Individual surveys were scanned to a 150 dpi tiff image format using a standard Xerox office copier (Xerox, Norwalk, CT, USA). Scanned surveys were saved to a network hard drive and individually uploaded an MS Excel worksheet using the ZipScan Survey software. Once entered, data were verified to ensure that the correct data for each subject time point had been entered.
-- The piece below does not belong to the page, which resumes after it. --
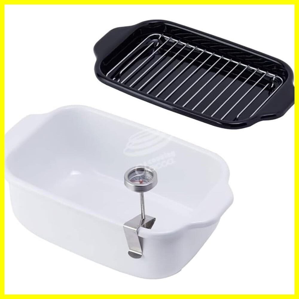 富士ホーロー(Fuji Horo) 天ぷら鍋 ホーロー 角型 温度計付 IH対応 揚げ物 バット スノコ付き ホワイト TP-20K W

Experiment One: Statistical Analysis

Prior to formal statistical testing, data were checked for normality and constant error variance using the EXPLORE function in SPSS (v 19.0; Chicago, IL). Non-normal data were log-transformed as noted in the Results section. Each outcome variable was separately tested for significance using a 3 (Group: soluble, insoluble, or placebo) by 4 (Time: 1, 2, 3, and 4 weeks postmarathon) linear mixed model with repeated measures on the second factor (time). Significance was set at p < .05. Location of significant main effects and interactions was determined using a Tukey post-hoc test.

Experiment Two: Subjects

Subjects (18–35 years) were identified from a larger ongoing study that was designed to evaluate the effect of BG on other immune system changes as a result of intense exercise. Subject recruitment for the larger study is described in detail elsewhere (Carpenter, Breslin, Davidson, Adams, & McFarlin, Citation2012). Briefly, we screened 289 individuals and 69 met all of our inclusion/exclusion criteria (see detailed criteria mentioned earlier). Of these 69, 9 subjects either dropped out or were excused from the study for failure to follow study protocol (final N = 60). Subject demographics are presented in . The initial screening session included the measurement of height (stadiometer), weight (digital scale), body composition [whole body dual-energy X-ray absorptiometry (DXA) scan; Hologic Discovery W, Bedford, MA], and peak aerobic fitness level (VO2peak; graded exercise test on an electronically braked cycle ergometer; Velotron; Portland, OR).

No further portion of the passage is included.